With regard to the first issue, the court held that it is more appropriate to review an Act of Parliament and not a Bill in order to respect the principle of separation of powers and also avoid prescribing to Parliament how it should perform its role. However, with regard to the second issue on howParliament exercised that power in the legislative process, the court took the view that the Constitution binds all entities and organs of the state. Therefore, if the legislature or executive violated constitutional norms in the course of the legislative process, the court could intervene in order to enforce constitutional obligations. The court categorically held that: “But under our constitutional democracy, the Constitution is the supreme law. It is binding on all branches of government and no less on Parliament. When it exercises its legislative authority, Parliament must act in accordance with, and within the limits of, the Constitution, and the supremacy of the Constitution requires that the obligations imposed by it must be fulfilled. Courts are required by the Constitution to ensure that all branches of government act within the law and fulfil their constitutional obligations. This court has been given the responsibility of being the ultimate guardian of the Constitution and its values.”
However, in the Zambian context, there are provisions of the Constitution that suggest that the court can intervene with the legislative process if what is intended could lead to the violation of basic norms of the Constitution. Article 2 of the Constitution, for example, empowers every citizen to prevent violation of the Constitution. It states: “2. Every person has the right and duty to— (a) defend this Constitution; and (b) resist or prevent a person from overthrowing, suspending or illegally abrogating this Constitution.” The use of the word “prevent” under article 2(b) suggests that one does not have to wait until the action is completed (in this case the enactment of a Bill into law). Otherwise what would a citizen be preventing if the impugned act has been accomplished? Surely the duty to prevent the abrogation of the Constitution includes the possibility of approaching the Constitutional Court for redress before the Constitution is abrogated as to “prevent” implies action taken before the impugned act is accomplished. The decision by the Constitutional Court means that an opportunity to articulate and cloth such provisions with flesh and give them meaning in a concrete situation, was squandered.

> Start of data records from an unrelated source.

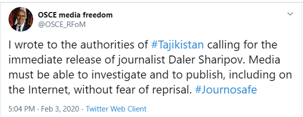 Ҳамчунин намояндаи Созмони Амнияту Ҳамкорӣ дар Аврупо (САҲА) оид ба масоили озодии ВАО Ҳарлем Дезир шоми 3-юми феврал бо нашри як баёния аз ҳукуматдорони Тоҷикистон дархости озодии рӯзноманигори ҳабсшударо карда буд: “Ман ба мақомоти Тоҷикистон навиштам, ки фавран журналист Далер Шарифовро озод кунанд. Воситаҳои ахбори омма бояд бидуни тарси интиқом имкони таҳқиқу нашр, аз ҷумла, дар Интернет дошта бошанд”.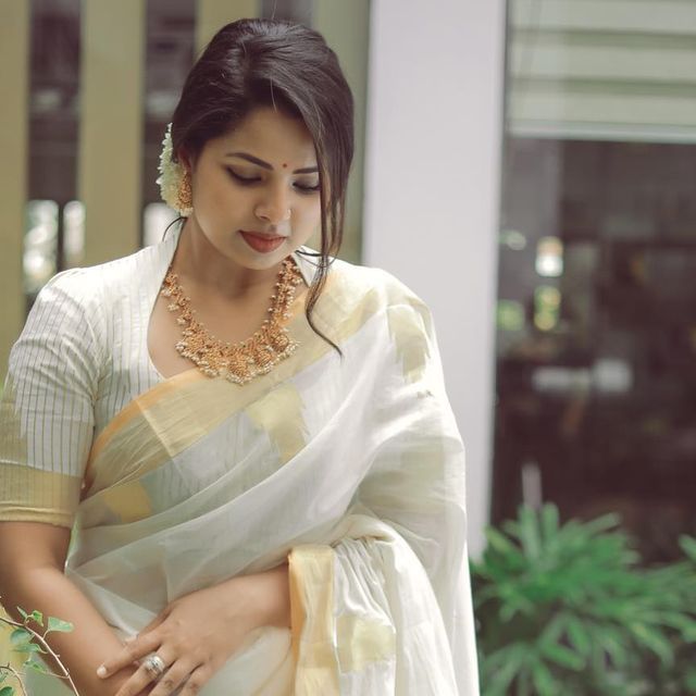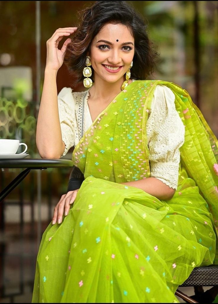For an easy and stylish look, wear a simple but elegant cotton blouse with a dark saree, which includes delicate needlework.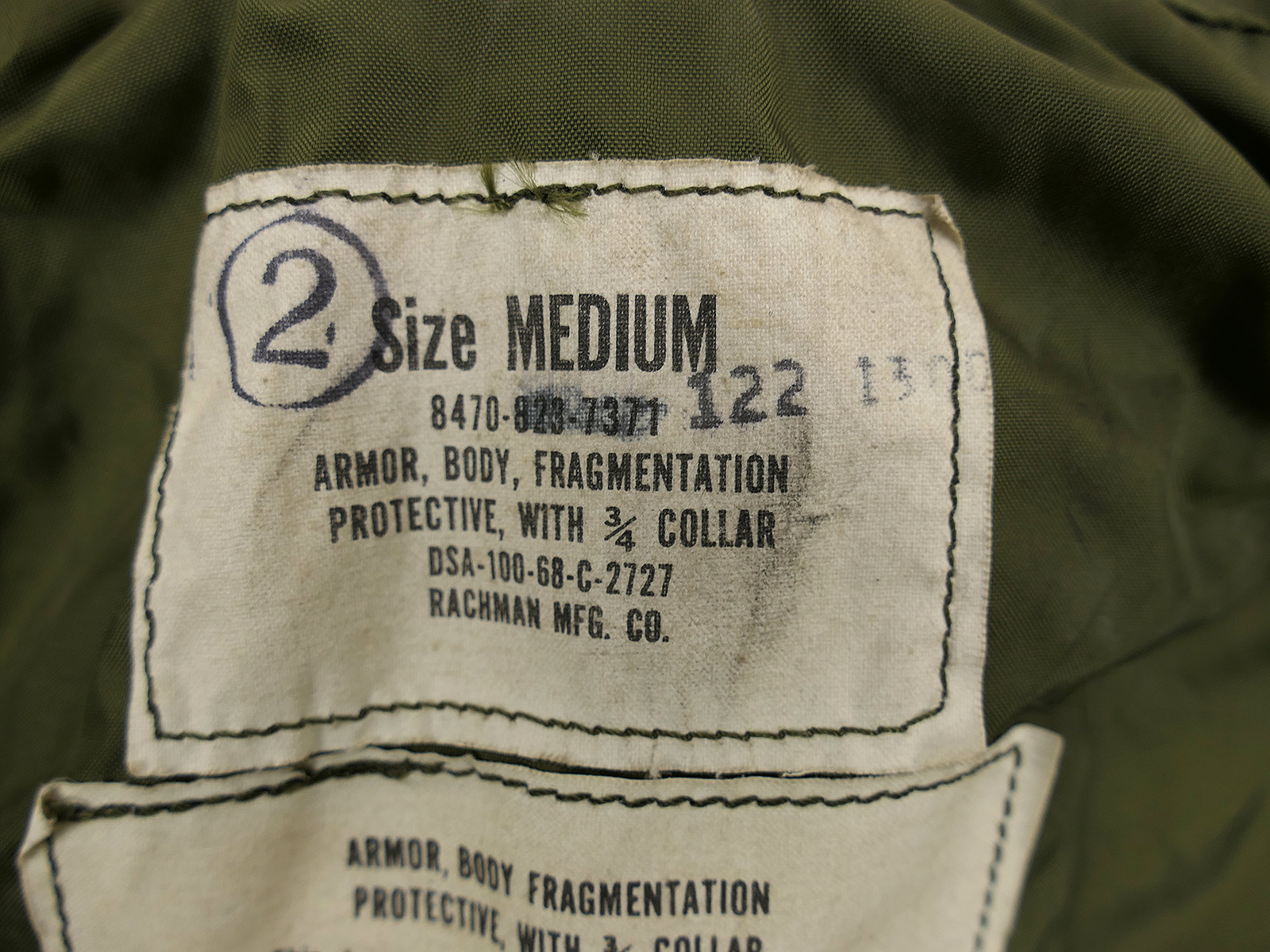 Original Armor, Body, Fragmentation, Protective Vest - Splitterschutzweste, Vietnam Ära, 1968 datiert!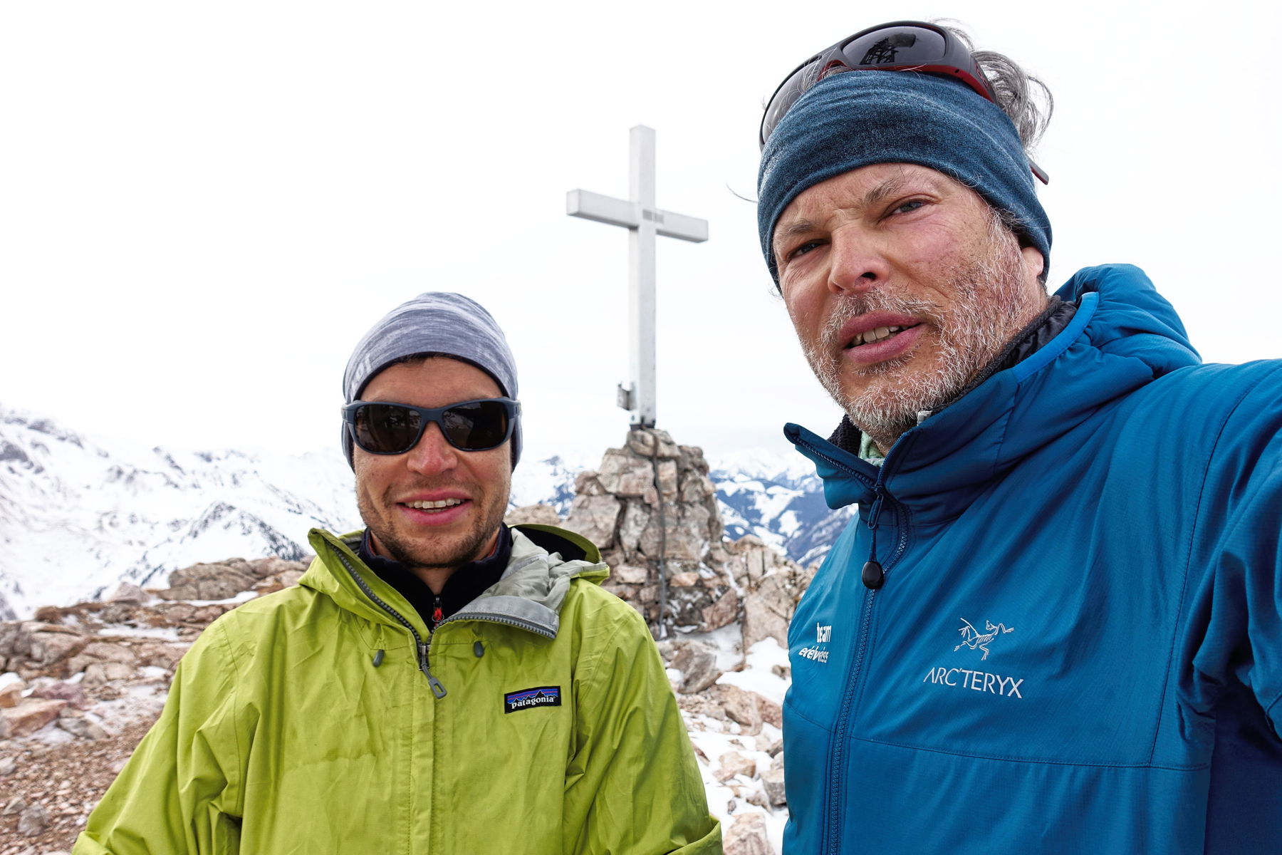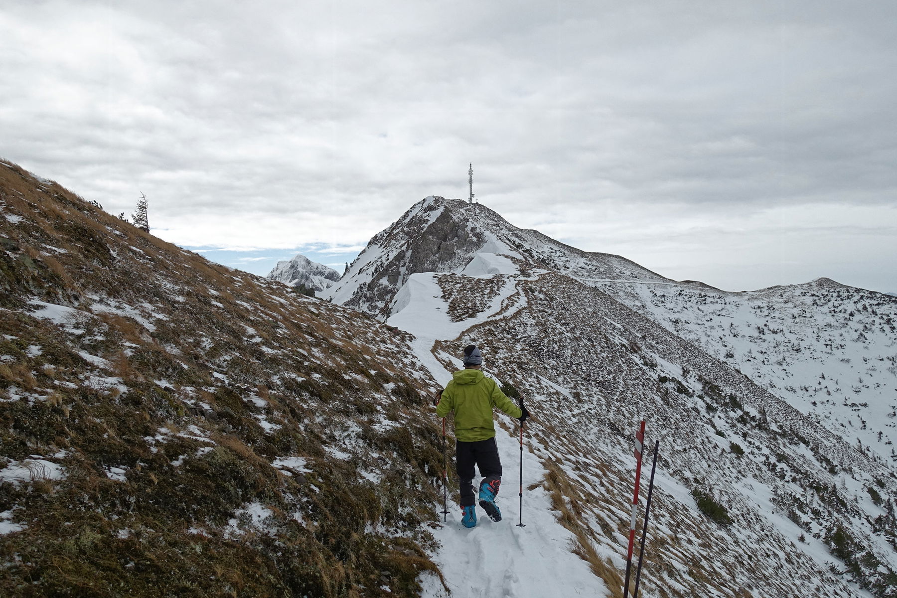 Nun folgen wir dem Rücken des Berges Richtung Süden bis wir einen weiteren Sattel erreichen. Von dort aus kann man bereits den Sender und das kleine Kreuz des Polster Gipfels erspähen. Nachdem die Tragelast von 10 kg Rucksack samt Inhalt auf das Gewicht der Tourenski erhöht wurde, beschlossen wir ohne dem Marschgepäck die letzten Meter bis zum Gipfel zu erklimmen.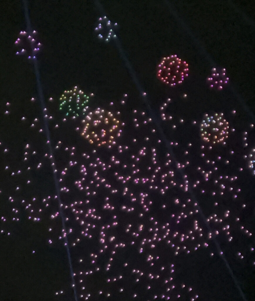 その代わりに、ドローンショーはいい場所で見れました!美しい~。最新技術だー。
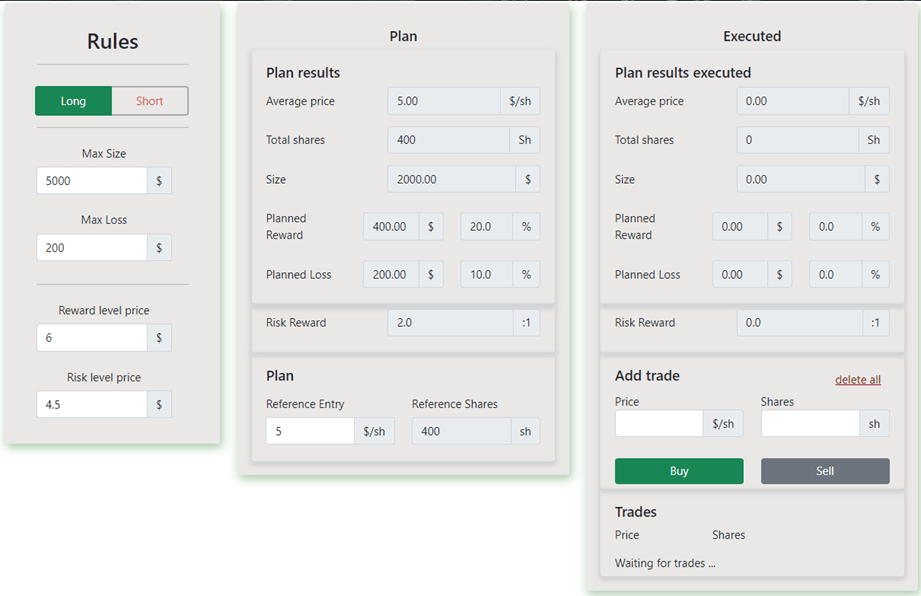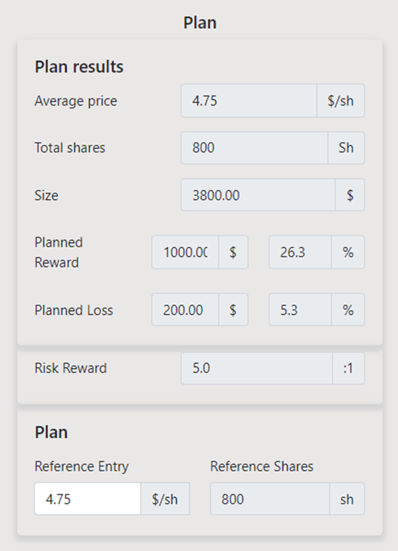 Una vez definidos los criterios anteriores, en la sección Plan se colocará el precio en el que se planifica hacer una entrada al trade, y la calculadora nos indicará el número de acciones que debemos comprar – o shortear – en ese precio para no superar los valores de Max Size y Max Loss establecidos en las Reglas.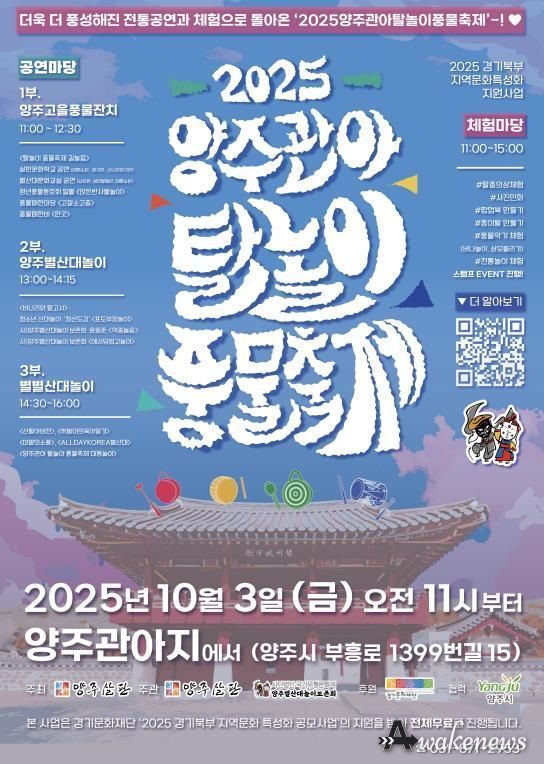 어웨이크뉴스 오경하 기자 | 양주살판이 오는 10월 3일 양주관아지 일대에서 ‘양주관아 탈놀이 풍물축제’를 연다.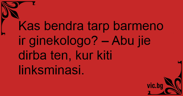 Kas bendra tarp barmeno ir ginekologo? – Abu jie dirba ten, kur kiti linksminasi.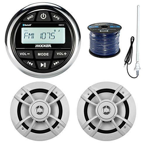 PACKAGE BUNDLE INCLUDES: 1 Kicker KMC2 Gauge Style Am Fm 200 Watt Stereo Media Player = 1 Pair (total of 2) Kenwood KFC-1633MRW 6-1/2-Inch 2-Way Marine Speaker = 1 Enrock 20W 22 Rubber Mast AM/FM Radio Antenna - 1 Enrock 50 Foot 16-Gauge Speaker Wire.
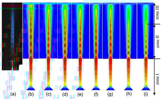 The flame of the actual spray gun and the partial contours of the airflow velocity: (a) actual spray gun, (b–i) experimental scheme corresponding to Table 1.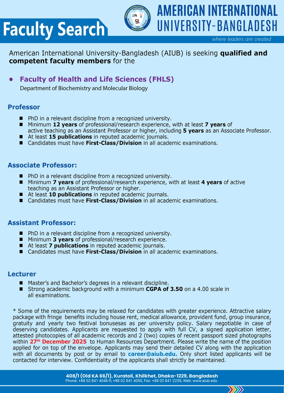 Faculty Search [Biochemistry and Molecular Biology] [November 28, 2025]

Finally, we believe that the judgment of the Constitutional Court has ruinous consequences for constitutionalism and rule of law in Zambia. The decision mirrors old executive-minded jurisprudence such as the case of Nkumbula v Attorney General (1972) ZR 204 where the judiciary abdicated its mandate to defend constitutionalism. This abdication effectively handed unchecked power to the state to rewrite the Constitution capriciously, resulting into the one – party state. The Nkumbula case, which the Constitutional Court seems to approve, assuming in the unlikely event that it was correctly decided, could still be distinguishable from the present one on many fronts, chiefly that the Constitutional norms were different and there wasn’t a specialised Constitutional Court to competently and robustly interpret the provisions of Constitution. In his recently published book, Supreme Court judge, Mumba Malila, laments about such jurisprudence and expresses hope that “in present times similar cases would be decided with completely different considerations in mind.” That hope has been dashed.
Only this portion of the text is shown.